Characterization of AML cases with primary resistance. (A) Genomic landscape of AML cases with primary resistance. Molecular profile of 20 AMLs that were refractory to venetoclax-based combinations. The presence of adverse cytogenetic risk, complex karyotype, del(17p), indicated mutations, study ID number, and cytotoxic therapy received (AZA, azacitidine; DEC, decitabine or LDAC, low-dose cytarabine) are shown for each case. Mutations detected by RNA-seq are represented by a dark gray box.

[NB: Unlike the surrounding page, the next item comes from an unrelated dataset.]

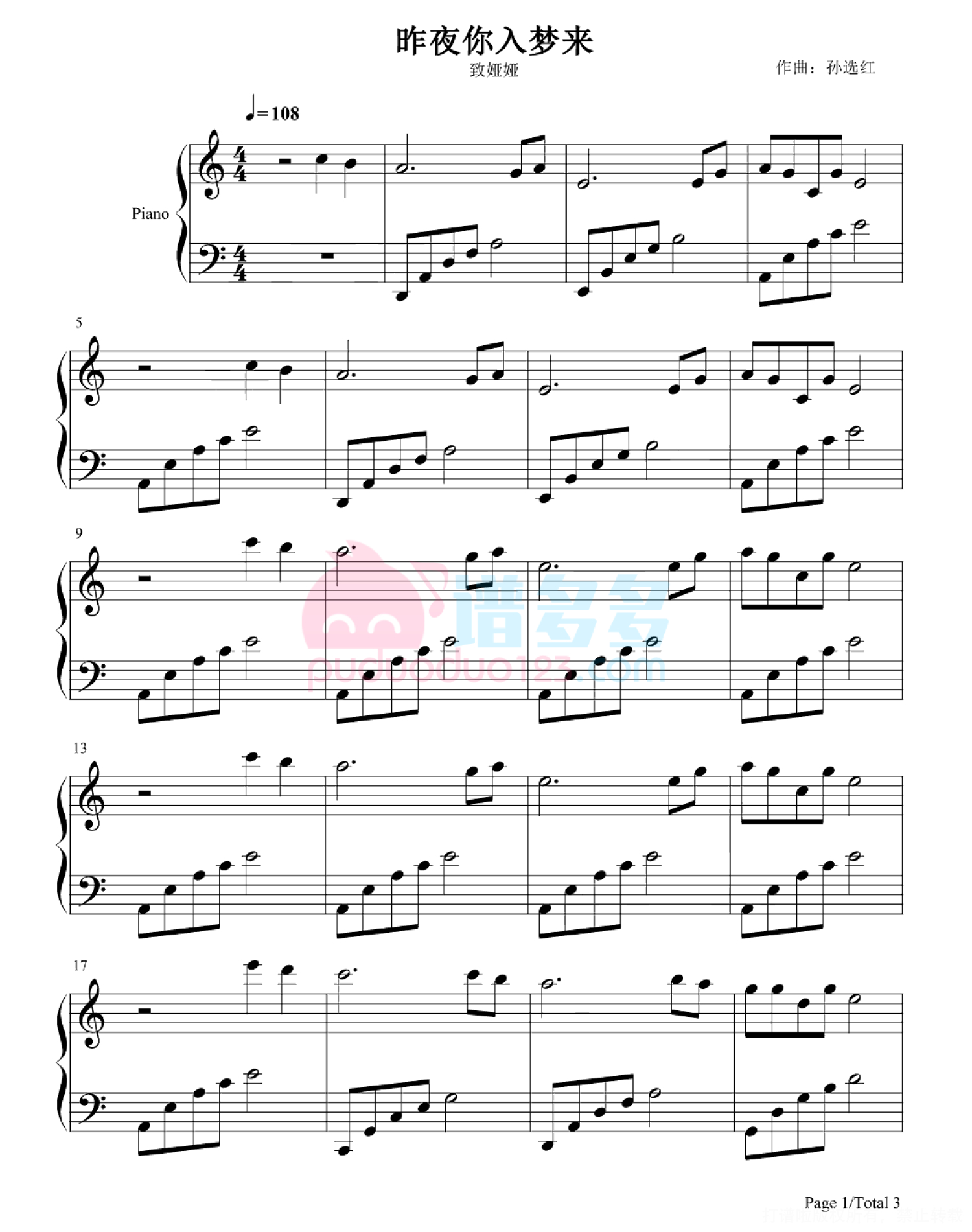 曲谱介绍: 孙选红《昨夜你入梦来》钢琴谱,由谱友精心编配制谱,完整版共3张PNG格式图片五线谱。除了《昨夜你入梦来》高清版钢琴谱,

For case #353, the KIT-ITD increased in frequency from 0.9% to 27% VAF from screening to after cycle 1 assessment. (B) TP53 abnormalities at baseline in refractory AML cases. TP53 VAFs % were quantitated by targeted NGS. (C) Baseline VAF of TP53 mutations according to patients with late relapse (>12 months), early relapse (<12 months), or primary refractory to treatment. AMLs with baseline and acquired del(17p) are indicated by orange and red, respectively. Each patient in a group is represented by a symbol. Some AML cases had >1 TP53 mutation: late relapse (#182 [inverted triangle], #335 [open circle] and #330 [upright triangle]); early relapse (#056 [square]); and refractory disease (#053 [hexagon], #176 [black circle] and #212 [upright triangle]). (D) Single-cell analysis of clonal architecture at screening and after treatment. Mission Bio Tapestri clonogram of case #064 showing the relative mutation composition (%) of samples at patient screening or at the time of refractory disease. In this case, within the EZH2mut clone, 5 parallel RASmut subclones are shown to emerge, with concurrent suppression of EZH2mut-only cells.